Finns are quite active with vacationing in Thailand. A few citizens were lost that morning. Fortunately there are also plenty of famous survival stories around. One of them is from the speaker of our national parliament, Mr. Sauli Niinistö. He had to cling to a light post while being washed by the tsunami. Later he wrote a book about his near death experience.

Us four traveling together were lucky with the location; however the effects of the tsunami were felt. Suddenly the area we were in experienced a huge influx of people coming in from the immediate disaster zone. There we people around with bandages on their heads, arms, legs etc. Many of them had seen the disaster up close and personal, but made a choice to continue their holidays regardless. The locals really welcomed them in and showed some of that famous Thai hospitality.


CC Atrribution: estorde@Flickr

A day or two after the disaster I received a call from an extremely well connected thai gentleman who put in me in touch with the CEO of Thailand's national Internet company (and regulator) Inet Thailand. This company has been originally set up by the order of His Majesty King Bhumibol Adulyadej, which is a rather unusual way to get your Internet business going..

Thailand has long had the kind of Internet infrastructure that is nationally controlled, and there's only one sizeable gateway handling traffic in and out of the country. Most traffic to Europe goes through the USA (the other way around as you would imagine) and this makes Thai websites very slow to access from the EU.

The Tsunami caused chaos, information was not easy to obtain, hundreds of thousands of worried relatives etc were trying to find out what ever they can on the net and the infrastructure could not handle it all. Inet Thailand asked for our help, and we immediately stepped in. It took a few efficient phone calls from the beach back to icy, cold and dark Finland to get everything organized. Magenta had a data enter in London, and we set up everything there in cooperation with Inet Thailand.

Altogether 14 different government instances had their data mashed up and collected to a joint mirror in London. Those included Thai ministry sites, crime scene investigation sites, Thai navy sites, hospital patient listings, victim ID listings, disaster information services etc. In fact you can still find all the data online here:

http://www.inet.co.th/tsunami/

On the pages it still says "We would like to thank Magenta Sites Ltd for hosting the European Mirror of this site for the first 2 years, and Parisian Ltd for continuing hosting support."

The business related interesting part is what followed later because of all this. By setting up the mashed up mirror site and cooperating with the Thai authorities we established quite close relations that still remain to this day. We ended up establishing a Thai subsidiary of the company there locally and doing some business together.

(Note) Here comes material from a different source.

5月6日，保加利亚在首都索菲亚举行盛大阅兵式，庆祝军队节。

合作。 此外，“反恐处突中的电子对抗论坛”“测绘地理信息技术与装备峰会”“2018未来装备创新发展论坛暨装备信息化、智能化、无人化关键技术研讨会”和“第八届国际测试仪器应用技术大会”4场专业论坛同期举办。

This was a big learning experience for me; how the Asian world of trust works. Once you are proven to be trustworthy things tend to flow quite a bit easier and all sorts of opportunities spring up. To a Finn it is somewhat odd when you get requests for quotation on businesses you have nothing to do with at all, but you get them because the trust is there ;)

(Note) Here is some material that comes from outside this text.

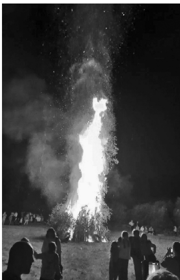
» Костёр Дружбы
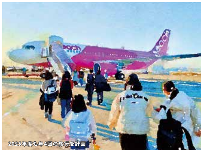
2025年度も年4回の旅行を計画

ぶつかり合う意見の対立をどう落とし所を見いだすか？自分の意見をいい、相手に信用される子どもを育てます。そして委託児童の員数を減らすと共に、過酷な労働環境を改善し、子どもにとってもおとなにとってもよりよい暮らしを創出することが2025年度の課題です。また事業を継承できる若いスタッフの育成を視野に、2025年度も引き続き夢みる未来をめざしてまいります。

My fellow board member from Aula Mr. Alex Nieminen who is a pro-level scuba diving instructor also did something similar: he used a diving website to followup and post the latest information better than any main stream media. He won a special recognition award from this.

Thinking aloud: There's the old argument that frequently comes up; wars and disasters are good for business and for economic growth. After experiencing all of that myself and seeing how much business and opportunity sprang from it all - I sort of agree. It is entirely plausible that severe disruption and chaos are strong forces in the creation of the new an unexpected. So be there with your own startup when something disruptive happens: have you thought about how to capitalize on the current economic downturn? You should.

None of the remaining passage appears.